* [Instructions to follow]:
Would you please copy every line below that includes the string "fast"?

(Data to process)

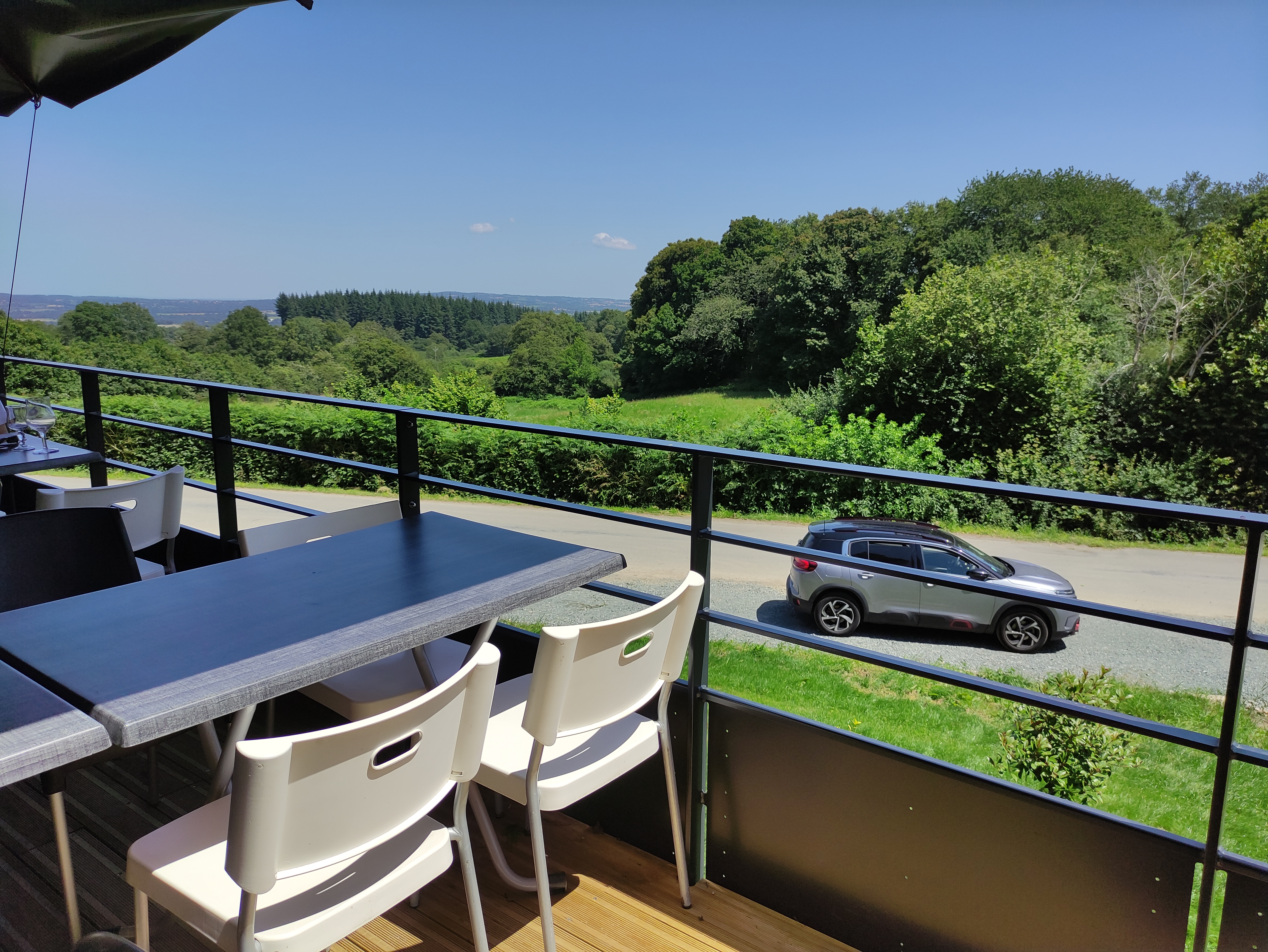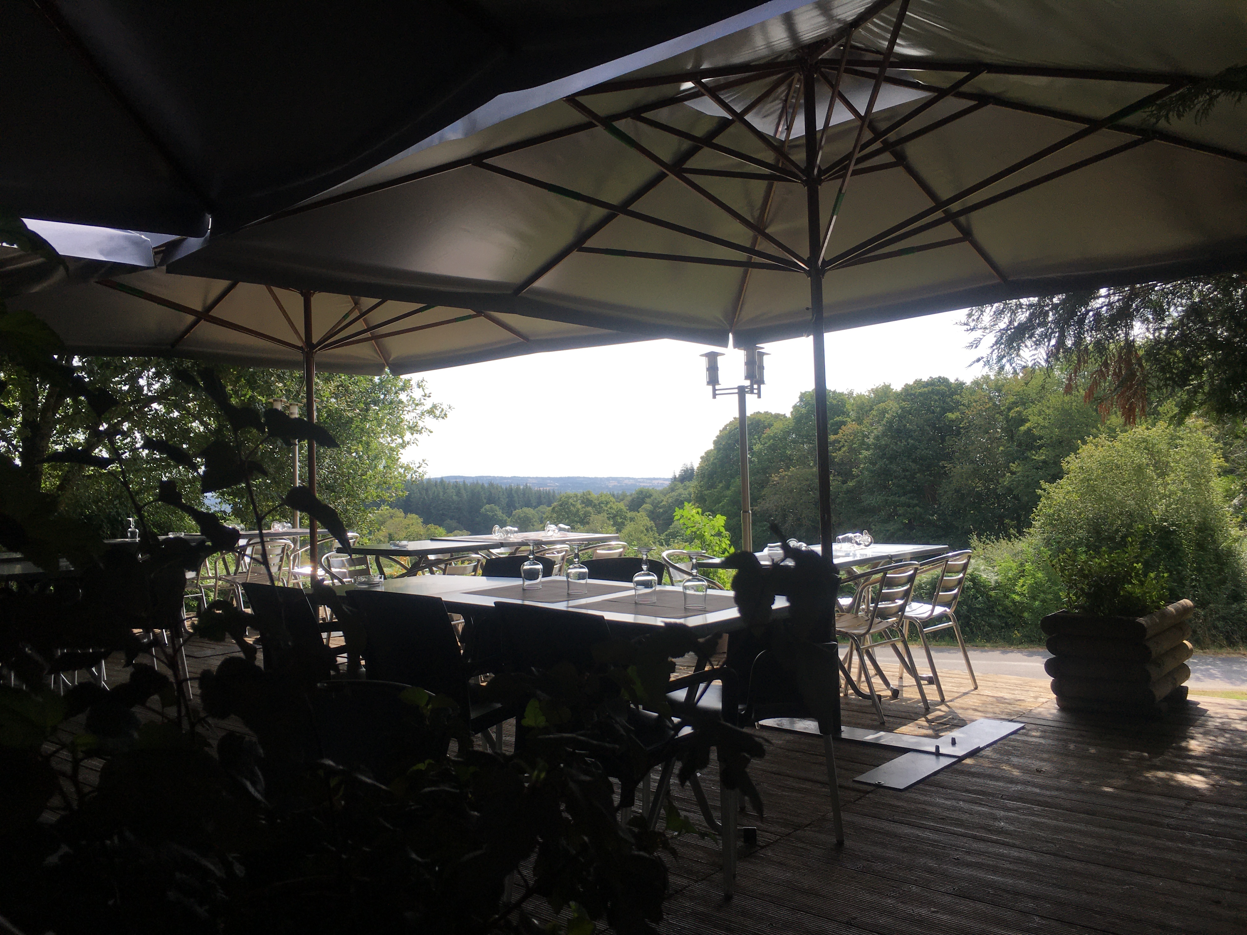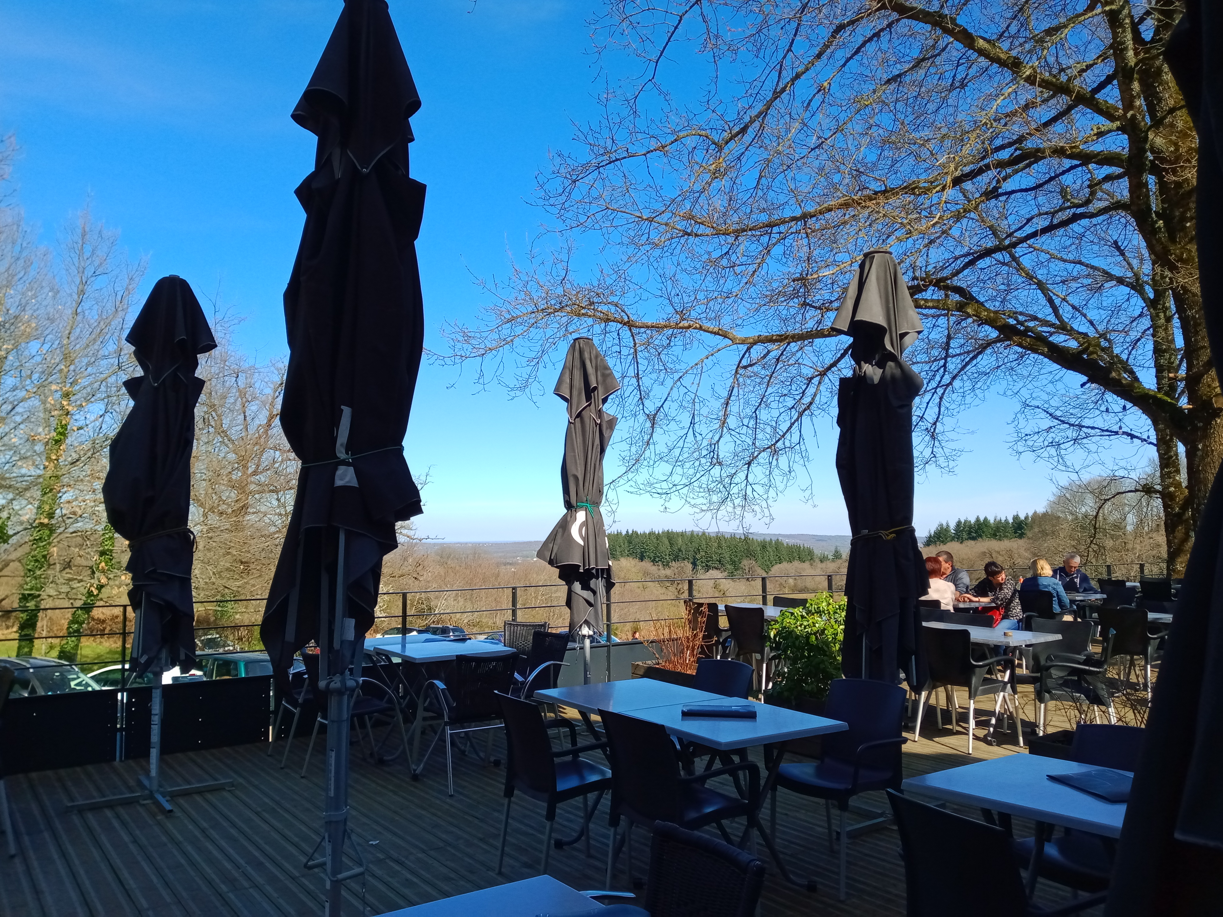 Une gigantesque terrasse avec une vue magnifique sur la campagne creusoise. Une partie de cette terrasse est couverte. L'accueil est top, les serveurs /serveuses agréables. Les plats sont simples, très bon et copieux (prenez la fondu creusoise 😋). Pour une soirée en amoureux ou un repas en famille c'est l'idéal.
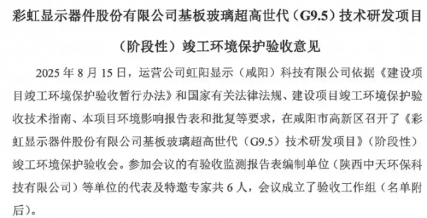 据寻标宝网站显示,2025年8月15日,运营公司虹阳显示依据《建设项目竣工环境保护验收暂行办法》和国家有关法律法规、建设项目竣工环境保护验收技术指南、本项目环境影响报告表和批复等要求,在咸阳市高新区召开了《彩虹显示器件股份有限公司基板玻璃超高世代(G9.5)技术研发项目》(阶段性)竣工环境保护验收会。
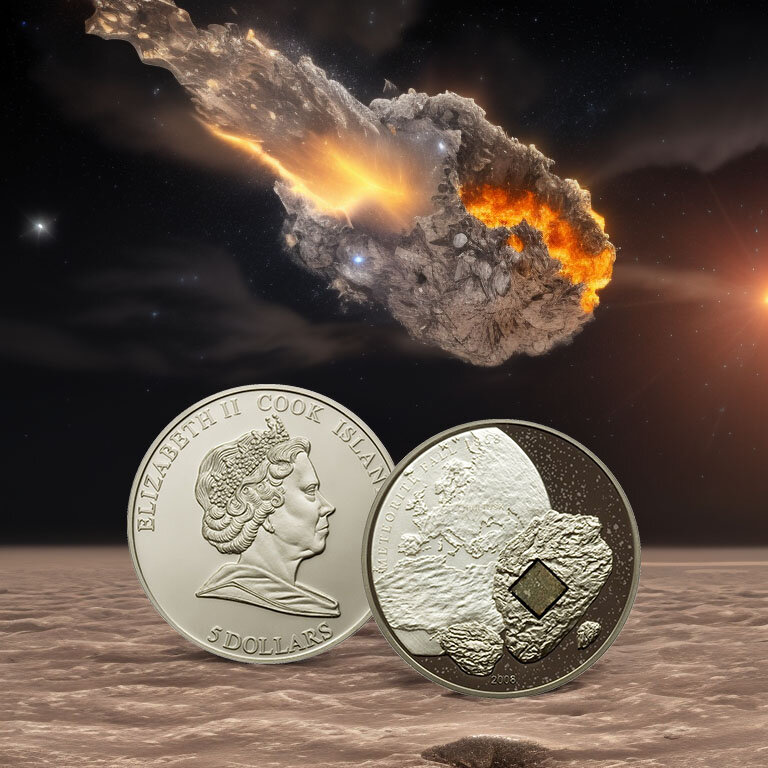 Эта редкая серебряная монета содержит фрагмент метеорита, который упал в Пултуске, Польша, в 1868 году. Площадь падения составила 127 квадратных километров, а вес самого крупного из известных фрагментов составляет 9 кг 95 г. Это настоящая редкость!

(End Data to process)
(Data to process)

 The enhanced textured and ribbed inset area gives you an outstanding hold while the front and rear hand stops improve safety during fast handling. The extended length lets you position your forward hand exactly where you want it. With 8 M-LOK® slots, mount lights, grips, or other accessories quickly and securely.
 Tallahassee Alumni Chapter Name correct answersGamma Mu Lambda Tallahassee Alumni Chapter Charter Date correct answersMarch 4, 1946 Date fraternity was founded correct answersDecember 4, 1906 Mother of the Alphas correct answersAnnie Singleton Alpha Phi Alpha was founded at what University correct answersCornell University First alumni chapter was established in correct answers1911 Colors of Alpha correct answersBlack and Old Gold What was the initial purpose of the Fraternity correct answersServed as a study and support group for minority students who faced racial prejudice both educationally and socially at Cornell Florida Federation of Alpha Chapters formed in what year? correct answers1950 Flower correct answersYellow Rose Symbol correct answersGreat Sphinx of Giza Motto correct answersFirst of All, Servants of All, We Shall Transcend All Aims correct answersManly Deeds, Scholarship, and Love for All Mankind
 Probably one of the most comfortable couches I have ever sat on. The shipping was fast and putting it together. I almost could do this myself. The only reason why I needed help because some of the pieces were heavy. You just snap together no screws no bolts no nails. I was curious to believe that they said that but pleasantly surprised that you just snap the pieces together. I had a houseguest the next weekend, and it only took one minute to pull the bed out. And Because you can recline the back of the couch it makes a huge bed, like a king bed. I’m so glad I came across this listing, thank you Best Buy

(End Data to process)
(Data to process)

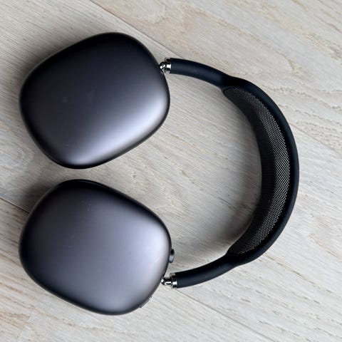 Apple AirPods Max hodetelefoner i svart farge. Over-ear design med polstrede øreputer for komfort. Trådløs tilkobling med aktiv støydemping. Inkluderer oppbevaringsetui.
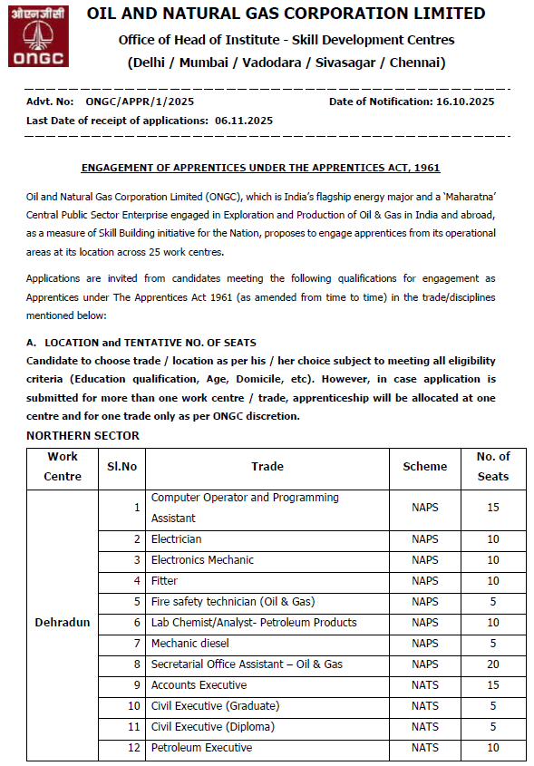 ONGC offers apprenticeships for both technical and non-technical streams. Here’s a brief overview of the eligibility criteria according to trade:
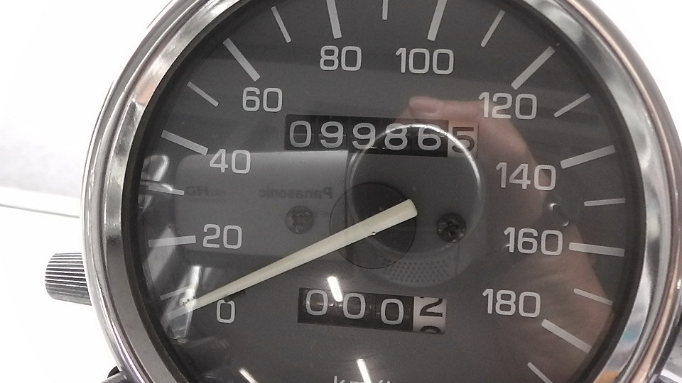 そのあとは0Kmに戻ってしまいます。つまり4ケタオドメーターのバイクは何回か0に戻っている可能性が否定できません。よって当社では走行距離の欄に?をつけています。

(End Data to process)

* [Answer to this problem]:
 The enhanced textured and ribbed inset area gives you an outstanding hold while the front and rear hand stops improve safety during fast handling. The extended length lets you position your forward hand exactly where you want it. With 8 M-LOK® slots, mount lights, grips, or other accessories quickly and securely.
 Probably one of the most comfortable couches I have ever sat on. The shipping was fast and putting it together. I almost could do this myself. The only reason why I needed help because some of the pieces were heavy. You just snap together no screws no bolts no nails. I was curious to believe that they said that but pleasantly surprised that you just snap the pieces together. I had a houseguest the next weekend, and it only took one minute to pull the bed out. And Because you can recline the back of the couch it makes a huge bed, like a king bed. I’m so glad I came across this listing, thank you Best Buy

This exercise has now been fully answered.